Reputation: 21
I need bit of advice ............. I'm working on a program in Python, the program would read data from a PDF and I'm supposed to populate the same information in a excel sheet Right now I'm using PyPDF 2 to extract the data and I would be using Panda to store the data in a data frame and then that data frame would be populated in to excel sheet Is my path of action efficient and if there's a better way or a flaw in my plan please let me know about it.
Upvotes: 0
Views: 20304
Reputation: 20342
I think it should be something like this.
import PyPDF2
import openpyxl
pdfFileObj = open('C:/Users/Excel/Desktop/TABLES.pdf', 'rb')

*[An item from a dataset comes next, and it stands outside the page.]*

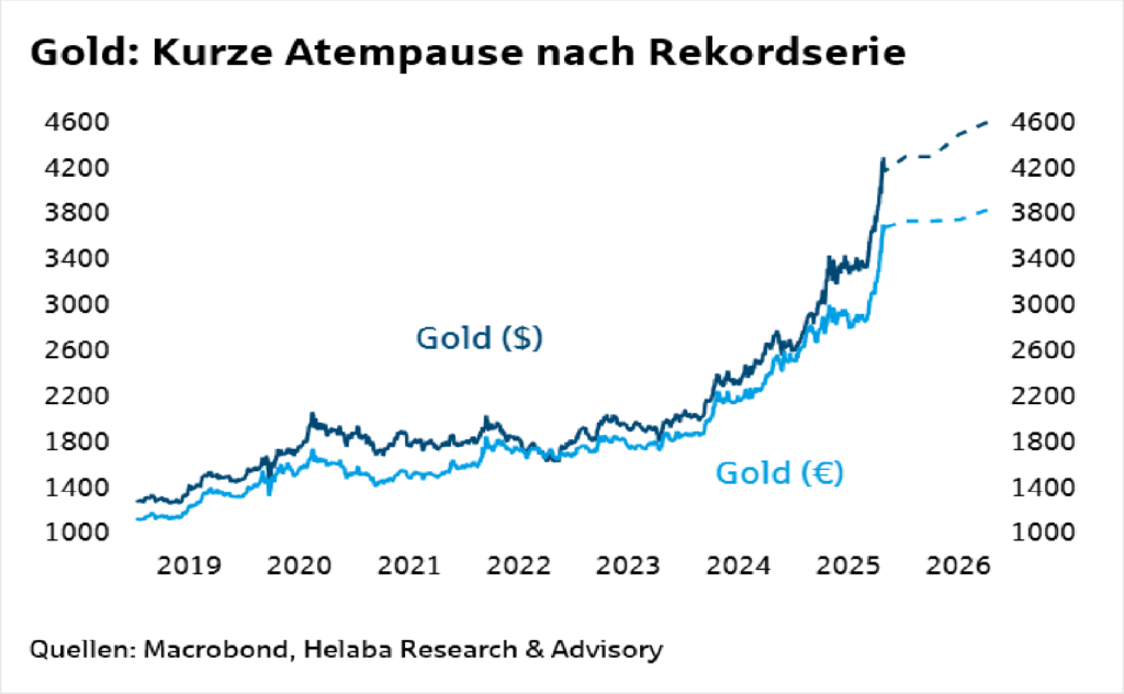 Gold legt seit August eine außergewöhnliche Rekordserie hin. Einen besonders kräftigen Schub hat das Edelmetall in den letzten Wochen nach neuerlichen handelspolitischen Spannungen zwischen China und den USA sowie dem anhaltenden „government shut-down“ und der damit verbundenen Unsicherheit um die US-Fiskalpolitik erfahren. Das hat Gold über die Marke von 4.000 US-Dollar je Feinunze katapultiert. Mit…

pdfReader = PyPDF2.PdfFileReader(pdfFileObj)
pdfReader.numPages
pageObj = pdfReader.getPage(0)
mytext = pageObj.extractText()
wb = openpyxl.load_workbook('C:/Users/Excel/Desktop/excel.xlsx')
sheet = wb.active
sheet.title = 'MyPDF'
sheet['A1'] = mytext
wb.save('C:/Users/Excel/Desktop/excel.xlsx')
print('DONE!!')
See the link below for more details.
http://automatetheboringstuff.com/chapter12/
Upvotes: 1